When he was done with all the tasks he needed to get done with, he would ask me, “Kamu perlu ke mana lagi?” and I usually didn’t need to go anywhere else, so we would just go home. Sometimes we stopped at Total Buah on the way home. We would drink some juice or eat Tahu Gejrot, or again, buy some snacks for the football game.
When we got home, if we hadn’t had lunch yet, we would have lunch. If we had had lunch outside, we would just take a shower. He would sit at the dining table for a long time. He would check on his plans, check the ones he had done, and then he would spend more time on his phone. He usually watched a video and it usually annoyed me. I would just leave him and go upstairs.

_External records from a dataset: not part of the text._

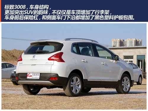 標致3008更加突出SUV的韻味,不僅僅是車頂增加了行李架,車身前后保險杠,和側面車門下沿都增加了黑色塑料護板包圍。外觀細節上標致3008還大量加入了鍍鉻裝飾元素,整個側面車窗都用寬幅的鍍鉻線條圍繞起來,重新設計的側后方舷窗線條。
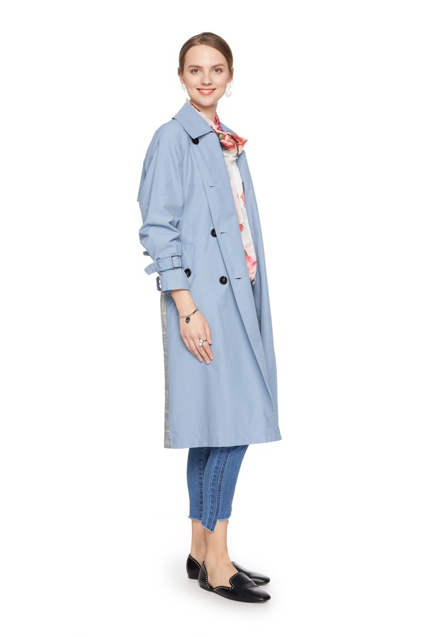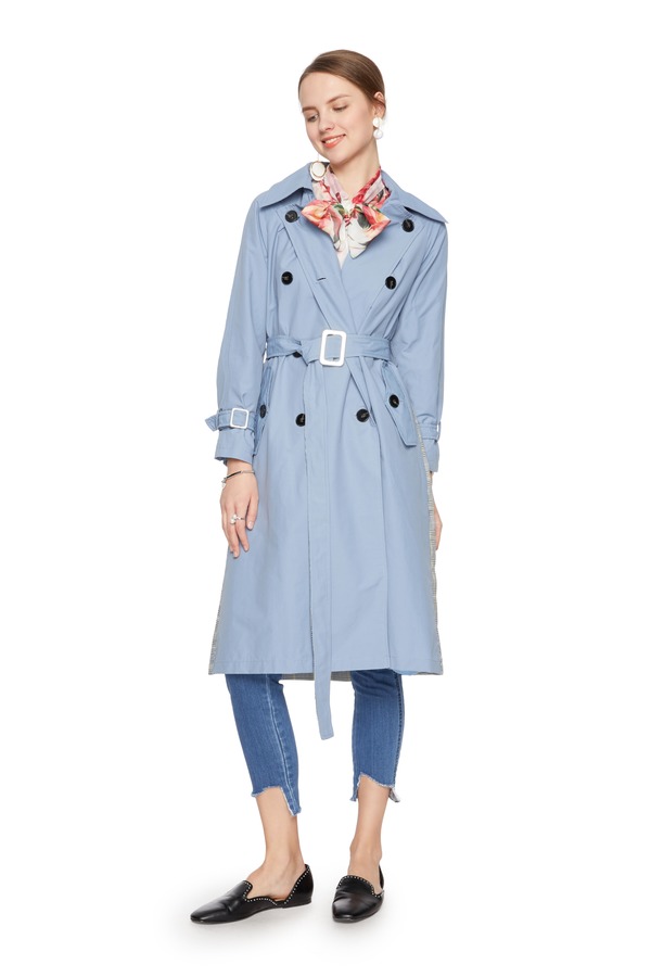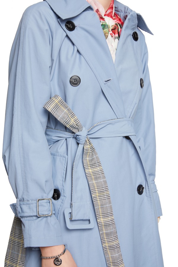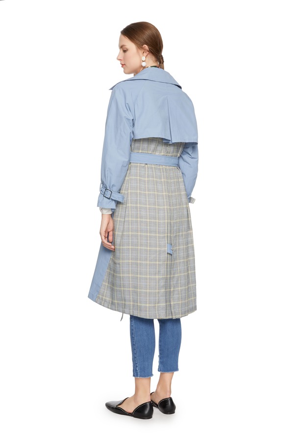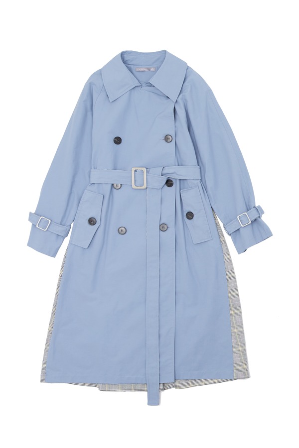 OCTAVIA 格纹拼接双排扣束腰风衣 6180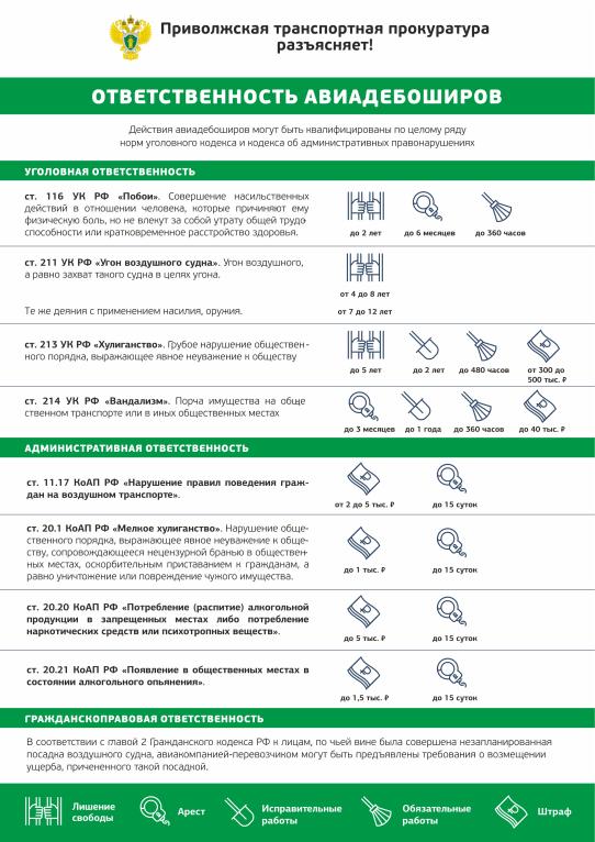 В листовке приводятся сведения о видах ответственности авиапассажиров за совершение противоправных действий на борту самолета.

Dad would spend hours at the dining table, looking at his phone. He would fall asleep and wake up when the phone fell off his hand, then he would look at his phone again and fall asleep again. After hours, he would finally go to the bathroom and take a shower. It would take him at least one and a half hours to shower. He would make such a loud noise, gagging, coughing, and clearing his throat.
When he emerged from the bathroom, he would smell so good. We would be able to smell his aftershave from afar.
We would have dinner together. Sometimes he took a shower after dinner, sometimes he didn’t eat dinner because he was still full from lunch. When we had dinner together, we would have more conversations, just like breakfast and lunch. If we were about to watch a football game, we would talk about the game. We would talk about the position of each team and how many points they needed to make in this game. We would analyse the probability of both teams to get to the next stage. He would ask me, “Mas Andre apa komentarnya?” or he would just tell me what Mas Andre told him.
Sometimes, when we weren’t watching football games, we would watch a movie. We mostly watched horror movies. We loved horror movies, but most horror movies were lame and not scary at all. We mostly ended up with a huge disappointment. We liked dramas too, but only the good ones.
Sometimes we would just talk the whole night. I would come to his room and we would just talk. Sometimes I asked him about his childhood. He had a lot of very interesting stories from his childhood. Sometimes we could talk until it was very late. Sometimes we talked until 2 or 3 in the morning!
When I got up, he would ask, “Udah mau tidur?” and then he said, “Ya, selamat tidur.”
I would kiss his head and say good night too. “Selamat tidur, Ayah.”